Document Type

Article

Publication Date

Spring 2005

Abstract

Expanding upon the aspects of integrity protected under the Clean Water Act, this Article will explore the relevance to water law of chemical,physical, ecosystem, social, and ethical integrity. Just as the Clean Water Act intended to prevent unacceptable "perturbations" of ecosystems, so also this Article will consider the extent to which the law itself may work an unacceptable perturbation of fundamental hydrologic and social principles. In many instances, water policy compartmentalizes the law in ways that have little to do with hydrologic reality and in ways that are antithetical to wholeness and integrity. Examples include the legal bifurcation of surface and groundwater, quantity and quality, land and water, and the present and the future. Conversely, integrity-destroying policies may find legal support in arguments that are deceptively integral and holistic in tone. For example, Florida Everglades litigants opposed the regulation of phosphorous pollution under the guise of an argument styled the "unitary waters" theory.
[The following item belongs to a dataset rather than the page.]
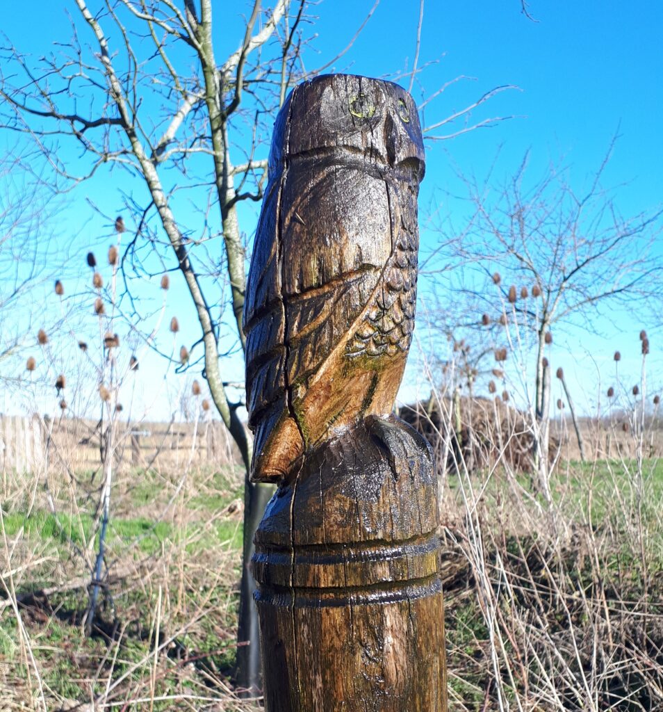 Het houten standbeeld voor dit dappere uiltje, de Steenuil, is gemaakt door Bart vd M in 2024

This Article views three contemporary water disputes through the lens of hydrologic integrity. Case studies include the massive program to restore the Florida Everglades; proposals for north-south water transfers in Florida, evocative of the centuries-long dispute between northern and southern California; and the struggle to apportion a three-state river system among competing users as diverse as sprawling Atlanta and the sleepy oyster town of Apalachicola, Florida. Surprisingly, perhaps, all three case studies focus upon Florida, a state that enjoys an average annual rainfall of about 54 inches. The fact that not even a water-rich eastern state is immune from water controversies of national significance underscores the pressing need to ensure that water law reflects principles of hydrologic reality, fairness, and integrity.